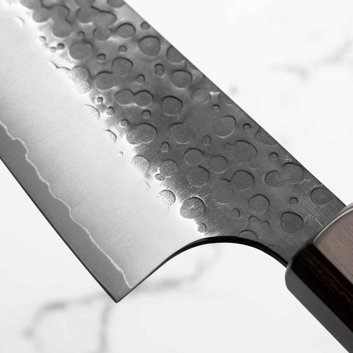 Japanese Ginsan steel, also known as Silver-3 or G3, is an underrated high-grade semi-stainless steel loved by many for being in the ‘goldilocks zone’ of knife steels. It holds a very respectable edge, but is effortless to sharpen. It is considered the semi-stainless version of White 2. It is the knife steel of choice for many home cooks and professional chefs alike.
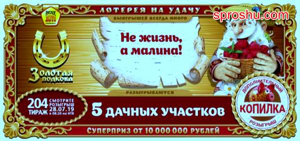 Лотерея Золотая подкова продолжать летний розыгрыш дачных участков. Эта информация есть на лотерейном билете 204 тиража, который разыграют 28 июля 2019 года. Канал НТВ показывает розыгрыш в утреннем воскресном эфире с 8 часов 20 минут. У многих может начаться "Не жизнь, а малина!" написано по центральной части лотерейного билета, а домовенок в соломенной шляпе держит корзинку со свежей малиной.
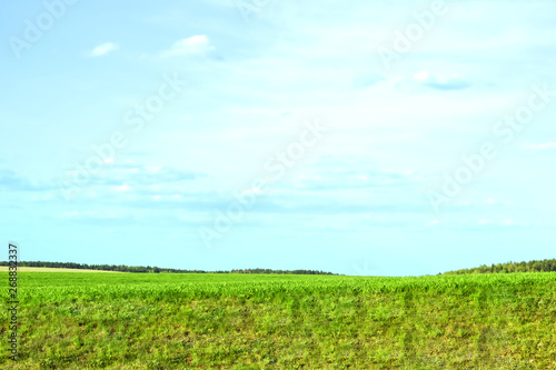 field, blue, sky, green, nature, panorama, rural, grass, spring, background, summer, beautiful, countryside, landscape, meadow, land, panoramic, horizon, season, sunny, open, wood, beauty, cloud, environment, fluffy, peaceful, sun, tree, plant, scenery, warm, cereal, scenic, natural, space, farmland, day, sunlight, sunbeam, crop, wheat, park, farm
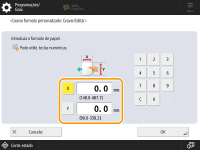 Especifique o comprimento do lado <X> e do lado <Y>. Carregue em <X> ou <Y> para introduzir o comprimento de cada lado com as teclas numéricas.
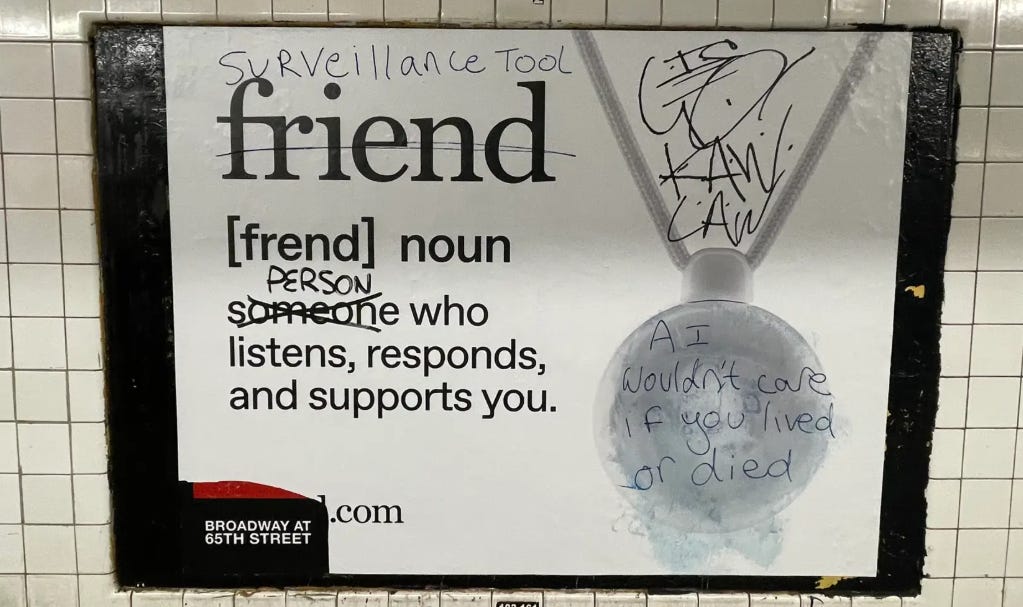 When you name your product “Friend” with a capital F, when you plaster subways with messages telling people they don’t need more friends, when your launch videos that show users choosing AI over human interaction, you’ve made your positioning clear.

- ACTIVITY -
Set down the entries above word for word, but drop any image.

- EXERCISE SOLUTION -
 Japanese Ginsan steel, also known as Silver-3 or G3, is an underrated high-grade semi-stainless steel loved by many for being in the ‘goldilocks zone’ of knife steels. It holds a very respectable edge, but is effortless to sharpen. It is considered the semi-stainless version of White 2. It is the knife steel of choice for many home cooks and professional chefs alike.
 Лотерея Золотая подкова продолжать летний розыгрыш дачных участков. Эта информация есть на лотерейном билете 204 тиража, который разыграют 28 июля 2019 года. Канал НТВ показывает розыгрыш в утреннем воскресном эфире с 8 часов 20 минут. У многих может начаться "Не жизнь, а малина!" написано по центральной части лотерейного билета, а домовенок в соломенной шляпе держит корзинку со свежей малиной.
 field, blue, sky, green, nature, panorama, rural, grass, spring, background, summer, beautiful, countryside, landscape, meadow, land, panoramic, horizon, season, sunny, open, wood, beauty, cloud, environment, fluffy, peaceful, sun, tree, plant, scenery, warm, cereal, scenic, natural, space, farmland, day, sunlight, sunbeam, crop, wheat, park, farm
 Especifique o comprimento do lado <X> e do lado <Y>. Carregue em <X> ou <Y> para introduzir o comprimento de cada lado com as teclas numéricas.
 When you name your product “Friend” with a capital F, when you plaster subways with messages telling people they don’t need more friends, when your launch videos that show users choosing AI over human interaction, you’ve made your positioning clear.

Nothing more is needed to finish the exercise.